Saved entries
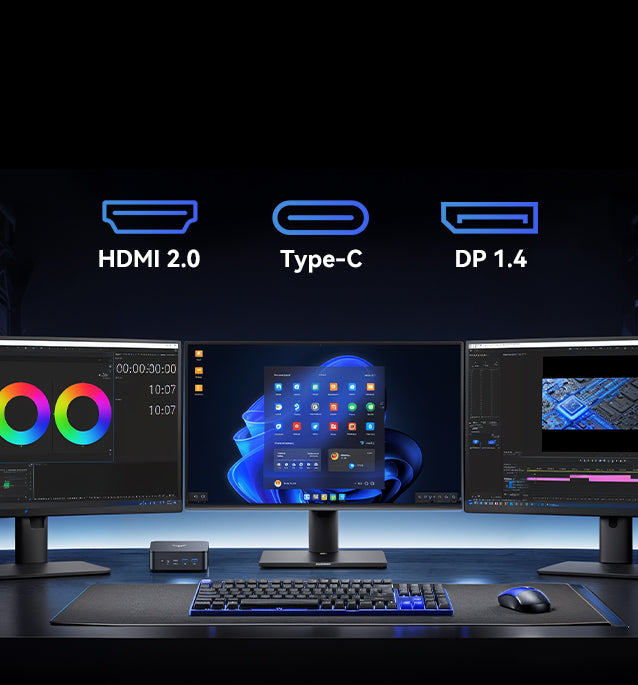 HDMI 2.0 * 1 USB3.2 Gen2 Type-C*1 DP1.4b* 1 3.5mm Phone Jack * 1 |
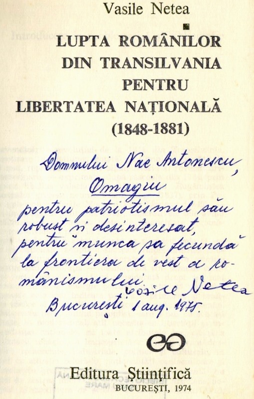 Ilustrăm materialul nostru cu dedicațiile lui Vasile Netea pe cărțile sale dăruite lui Nae Antonescu, găzduite astăzi de Atelierul Memorial din incinta Bibliotecii Județene Satu Mare. De asemenea, cu o fotografie a lui Vasile Netea cu o dedicaţie către acelaşi „părinte al revuisticii” trăitor la Terebeşti. Ceea ce afirma la adresa lui Nae Antonescu a demonstrat şi Vasile Netea de-a lungul întregii sale vieţi, patriotismul său robust şi dezinteresat, pentru munca sa fecundă la temelia românismului.
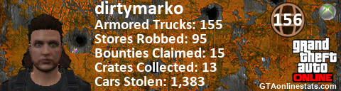 <a href="http://GTAonlinestats.com/showplayer/dirtymarko"><img src="http://GTAonlinestats.com/greysignature/dirtymarko/sig.png" alt="dirtymarko" border="0" /></a>
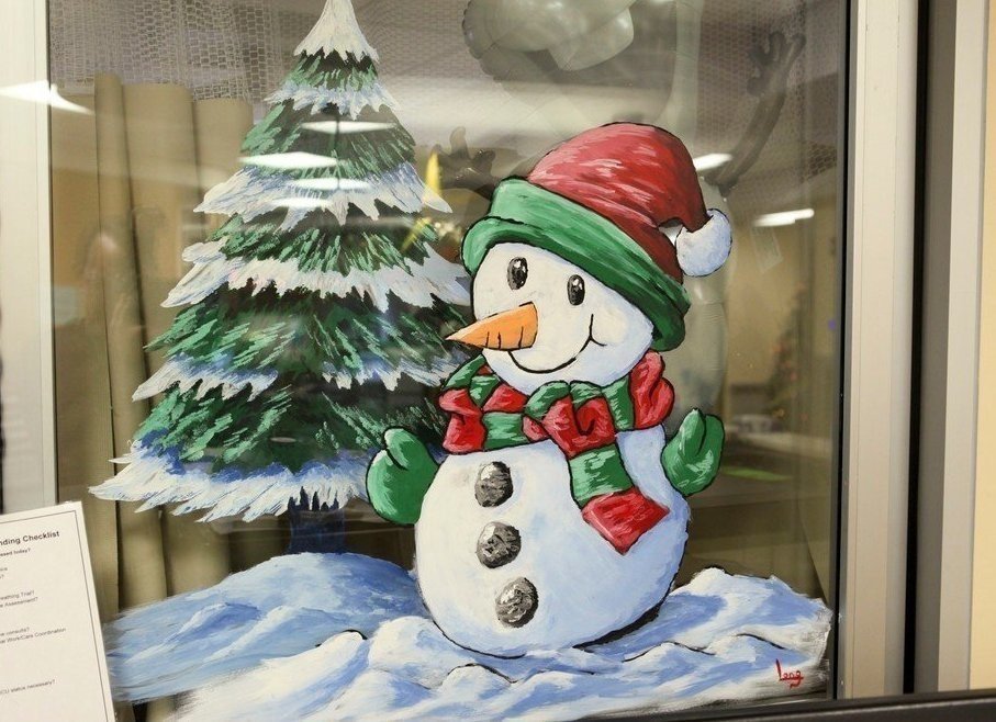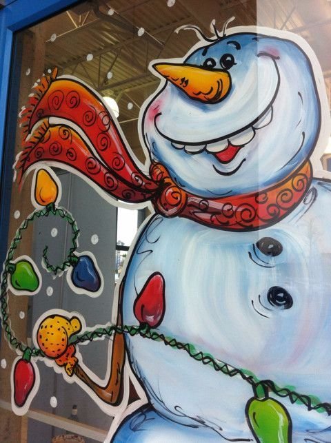![Снеговик Олаф на окне красками]()
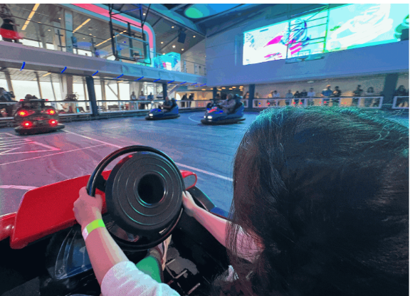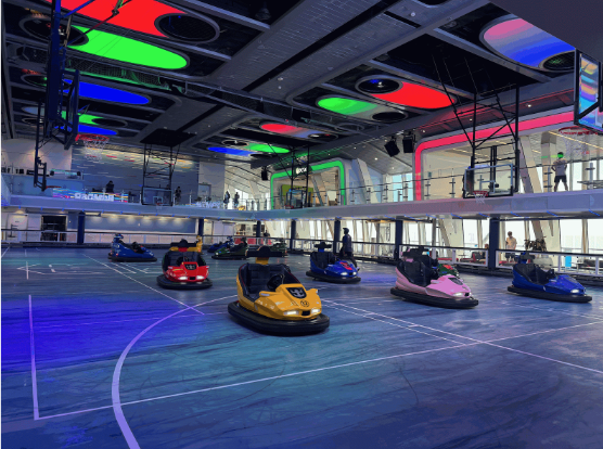 バンパーカー、バスケットボール、ローラースケート、卓球など、自由に体を動かせるスポーツスペース。
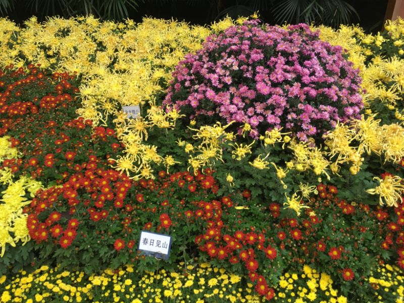 展览共布置花卉万余盆,展示精品菊约90个品种,塔菊、小立菊、菊球、什锦菊、卧龙菊、盘⻰菊、孔雀菊、悬崖菊、菊花盆景等各式造型菊千余盆。
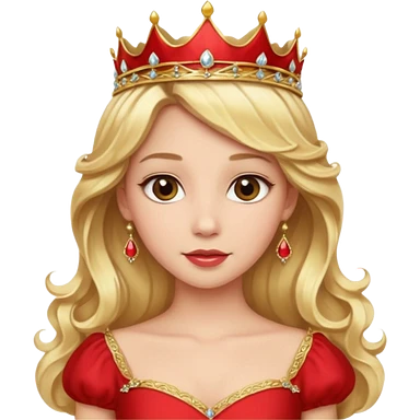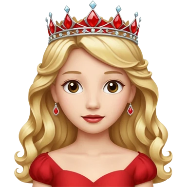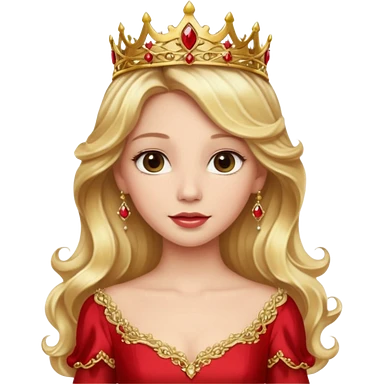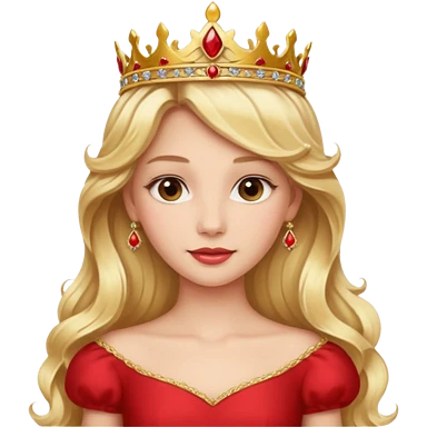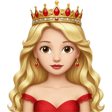 Princess in red Dress with gold Tiara, long wavy Blonde Hair emoji
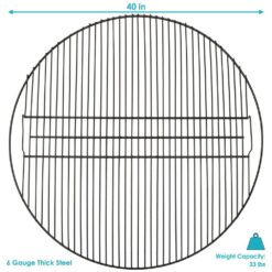 - Large size; round grate has a 40 in. Dia, 7-Gauge thick steel; weights 18 lbs. (33 lbs. weight capacity)

(ASSIGNED TASK) Except for the pictures, print the data above exactly.

(WRITTEN RESPONSE)
 HDMI 2.0 * 1 USB3.2 Gen2 Type-C*1 DP1.4b* 1 3.5mm Phone Jack * 1 |
 Ilustrăm materialul nostru cu dedicațiile lui Vasile Netea pe cărțile sale dăruite lui Nae Antonescu, găzduite astăzi de Atelierul Memorial din incinta Bibliotecii Județene Satu Mare. De asemenea, cu o fotografie a lui Vasile Netea cu o dedicaţie către acelaşi „părinte al revuisticii” trăitor la Terebeşti. Ceea ce afirma la adresa lui Nae Antonescu a demonstrat şi Vasile Netea de-a lungul întregii sale vieţi, patriotismul său robust şi dezinteresat, pentru munca sa fecundă la temelia românismului.
 <a href="http://GTAonlinestats.com/showplayer/dirtymarko"><img src="http://GTAonlinestats.com/greysignature/dirtymarko/sig.png" alt="dirtymarko" border="0" /></a>
![Снеговик Олаф на окне красками]()
 バンパーカー、バスケットボール、ローラースケート、卓球など、自由に体を動かせるスポーツスペース。
 展览共布置花卉万余盆,展示精品菊约90个品种,塔菊、小立菊、菊球、什锦菊、卧龙菊、盘⻰菊、孔雀菊、悬崖菊、菊花盆景等各式造型菊千余盆。
 Princess in red Dress with gold Tiara, long wavy Blonde Hair emoji
 - Large size; round grate has a 40 in. Dia, 7-Gauge thick steel; weights 18 lbs. (33 lbs. weight capacity)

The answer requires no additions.